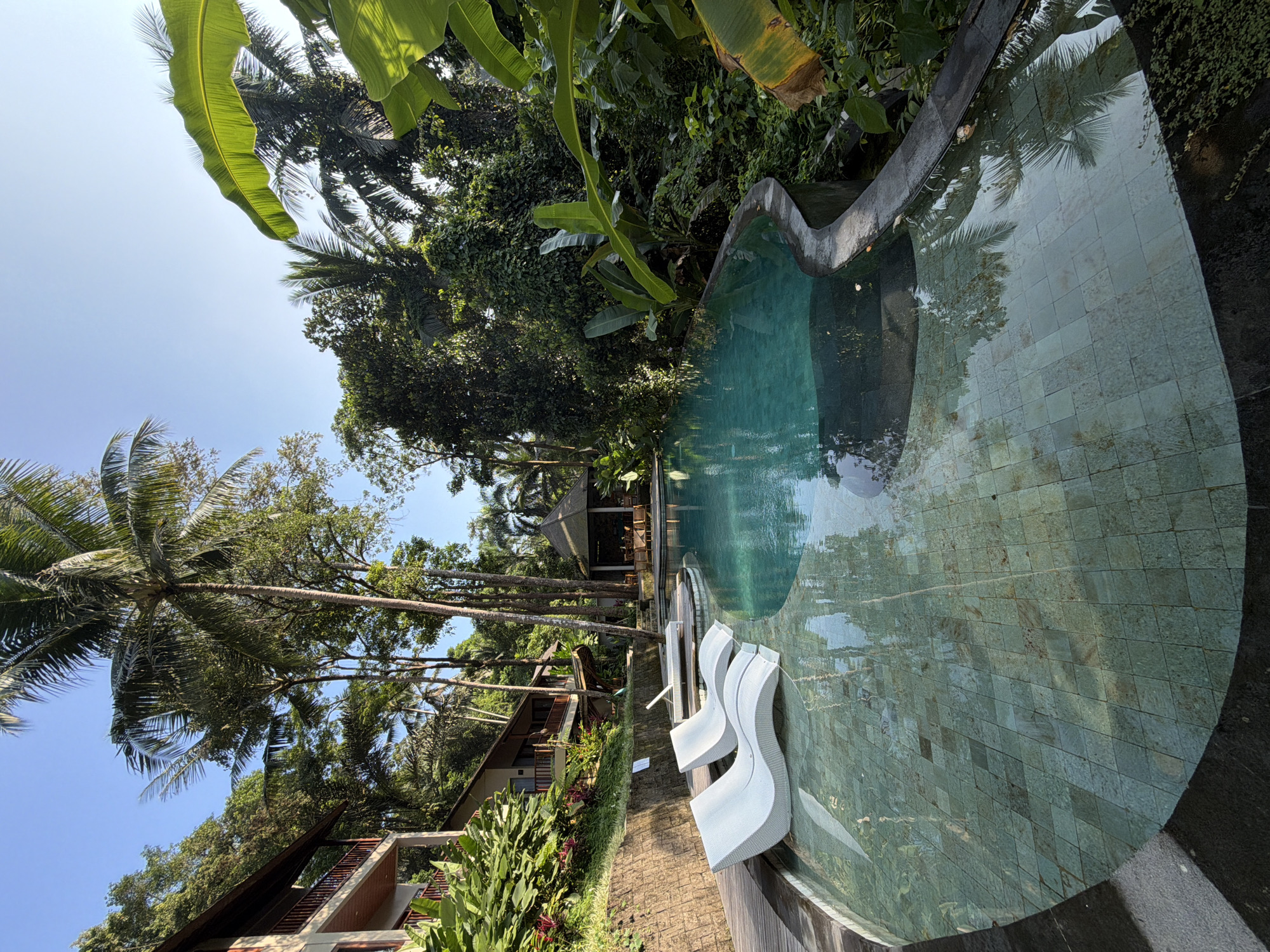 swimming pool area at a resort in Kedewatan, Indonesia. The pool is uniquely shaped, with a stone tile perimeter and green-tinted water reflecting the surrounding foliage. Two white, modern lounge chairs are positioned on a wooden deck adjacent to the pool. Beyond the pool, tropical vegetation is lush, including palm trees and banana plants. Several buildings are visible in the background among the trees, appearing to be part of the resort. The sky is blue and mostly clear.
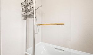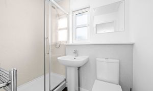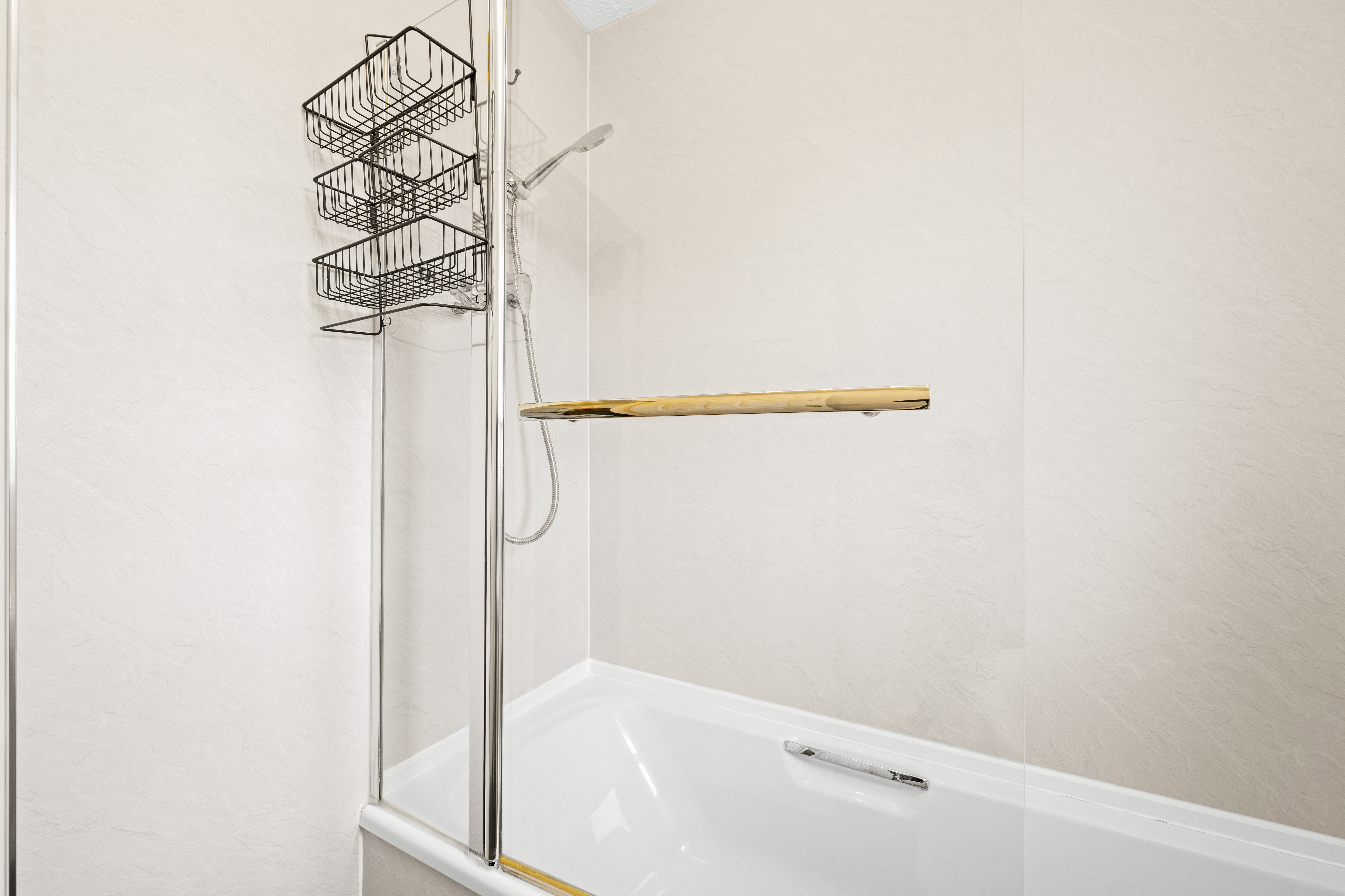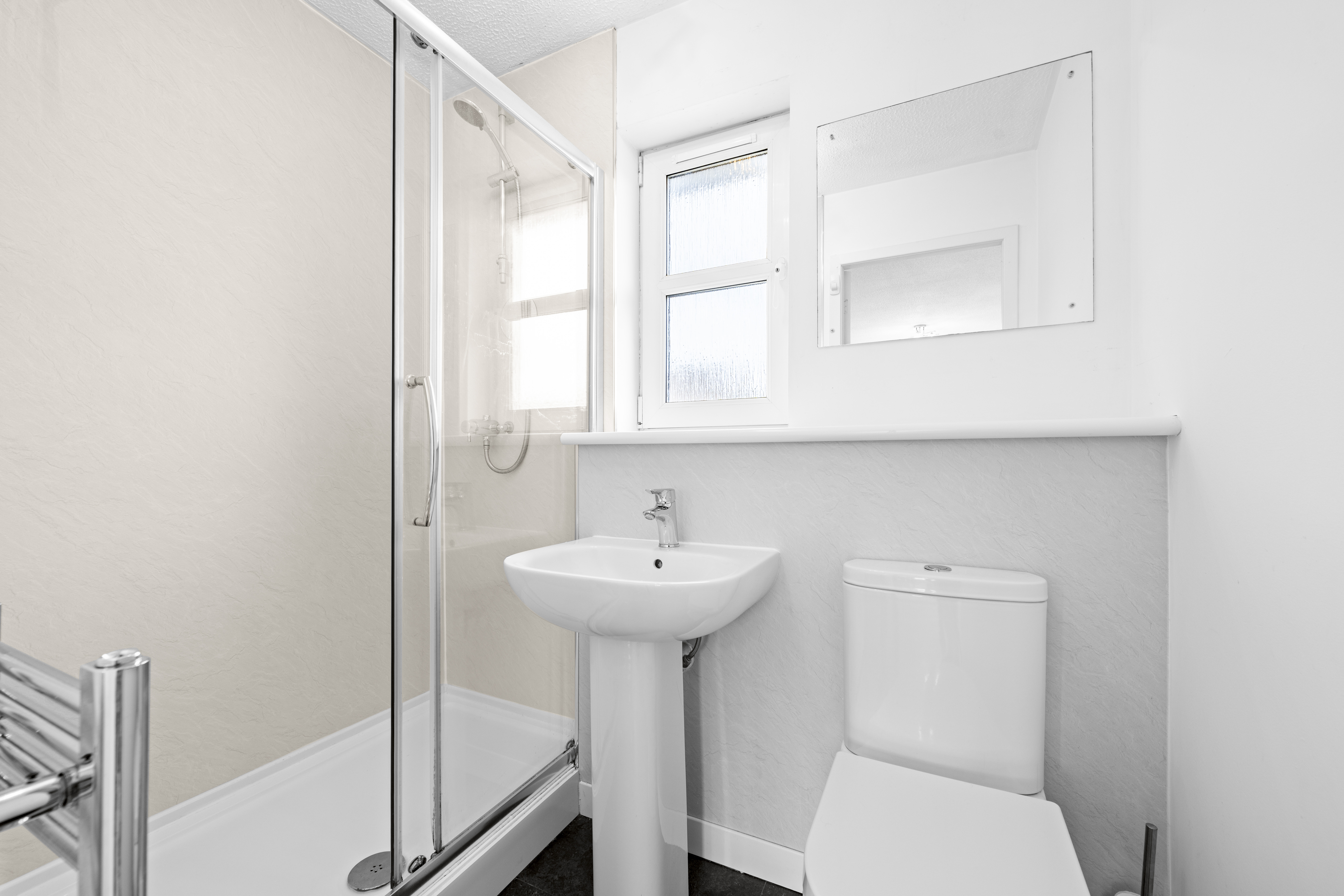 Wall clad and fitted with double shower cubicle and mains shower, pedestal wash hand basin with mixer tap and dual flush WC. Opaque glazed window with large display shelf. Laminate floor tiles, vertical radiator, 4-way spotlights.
* * *
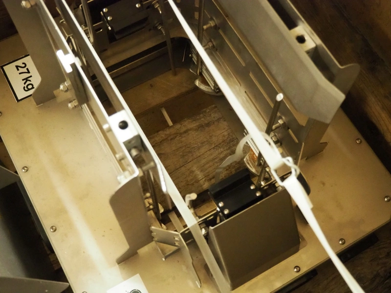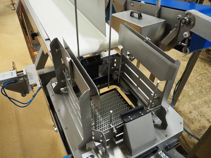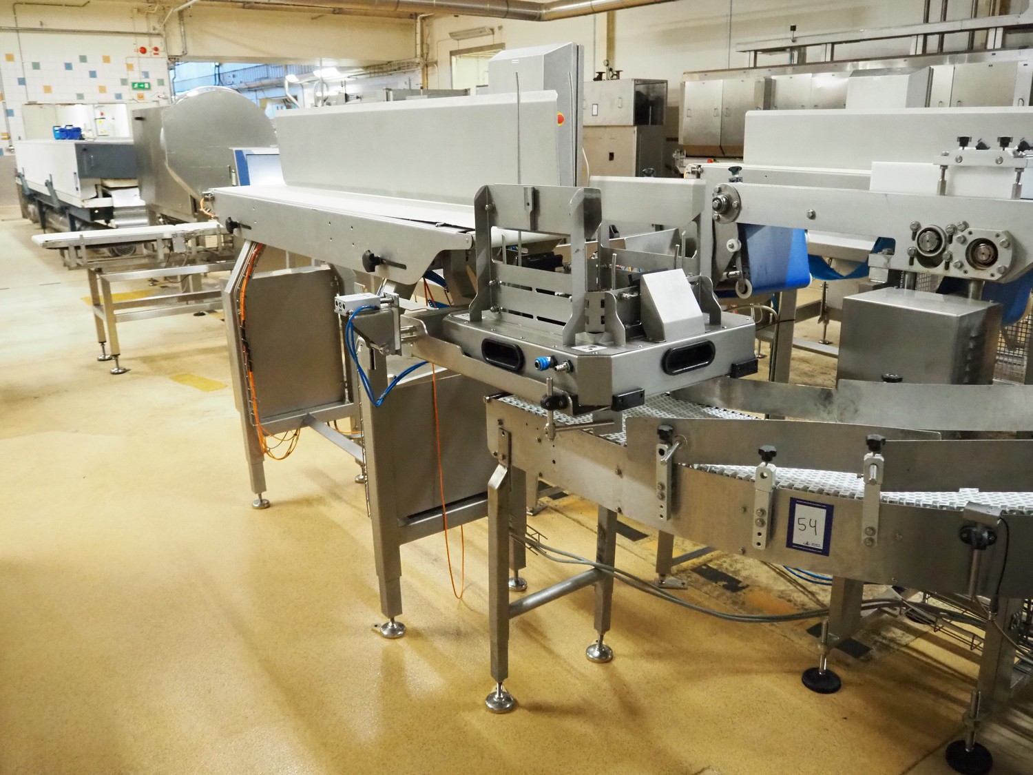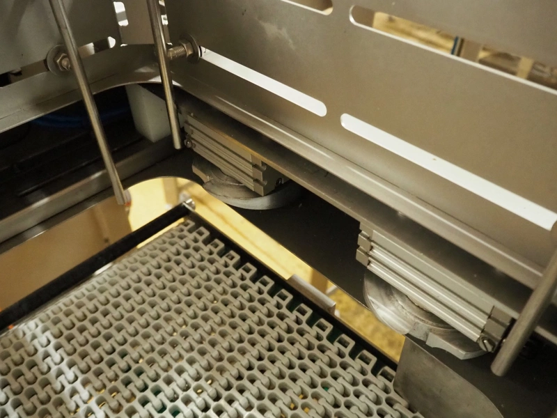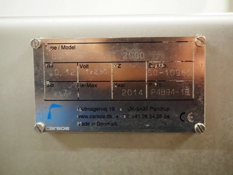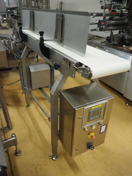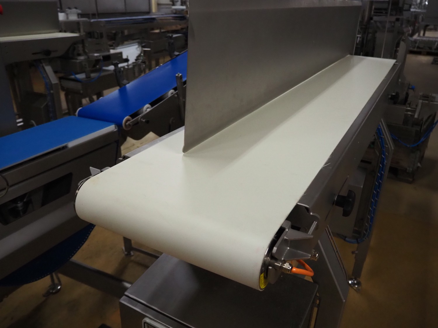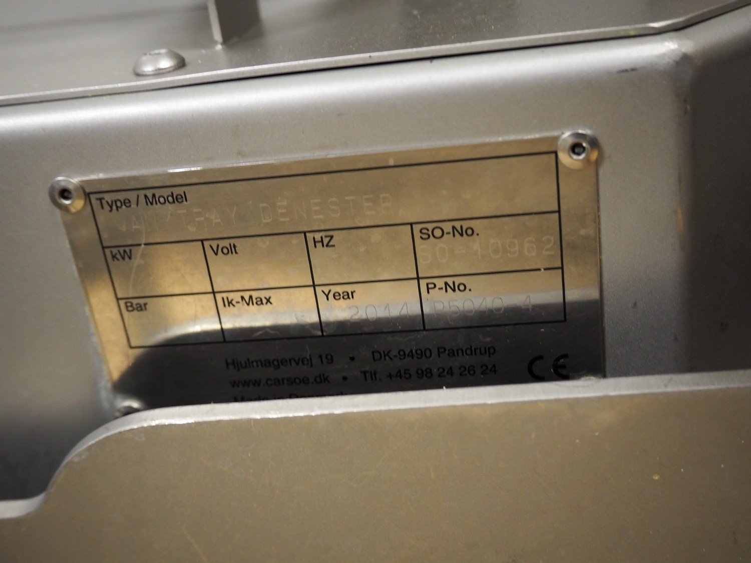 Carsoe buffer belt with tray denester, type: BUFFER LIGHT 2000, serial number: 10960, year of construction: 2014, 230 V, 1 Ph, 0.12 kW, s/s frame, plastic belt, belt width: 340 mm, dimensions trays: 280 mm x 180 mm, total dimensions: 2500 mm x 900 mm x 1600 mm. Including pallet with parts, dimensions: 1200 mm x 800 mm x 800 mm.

> _WORK INSTRUCTION_: Extract from the material above the stretch running from the line containing "swimming pool area" through the line containing "Wall clad and". Keep the text exact and the pictures out.

> _TASK ANSWER_:
 swimming pool area at a resort in Kedewatan, Indonesia. The pool is uniquely shaped, with a stone tile perimeter and green-tinted water reflecting the surrounding foliage. Two white, modern lounge chairs are positioned on a wooden deck adjacent to the pool. Beyond the pool, tropical vegetation is lush, including palm trees and banana plants. Several buildings are visible in the background among the trees, appearing to be part of the resort. The sky is blue and mostly clear.
 Wall clad and fitted with double shower cubicle and mains shower, pedestal wash hand basin with mixer tap and dual flush WC. Opaque glazed window with large display shelf. Laminate floor tiles, vertical radiator, 4-way spotlights.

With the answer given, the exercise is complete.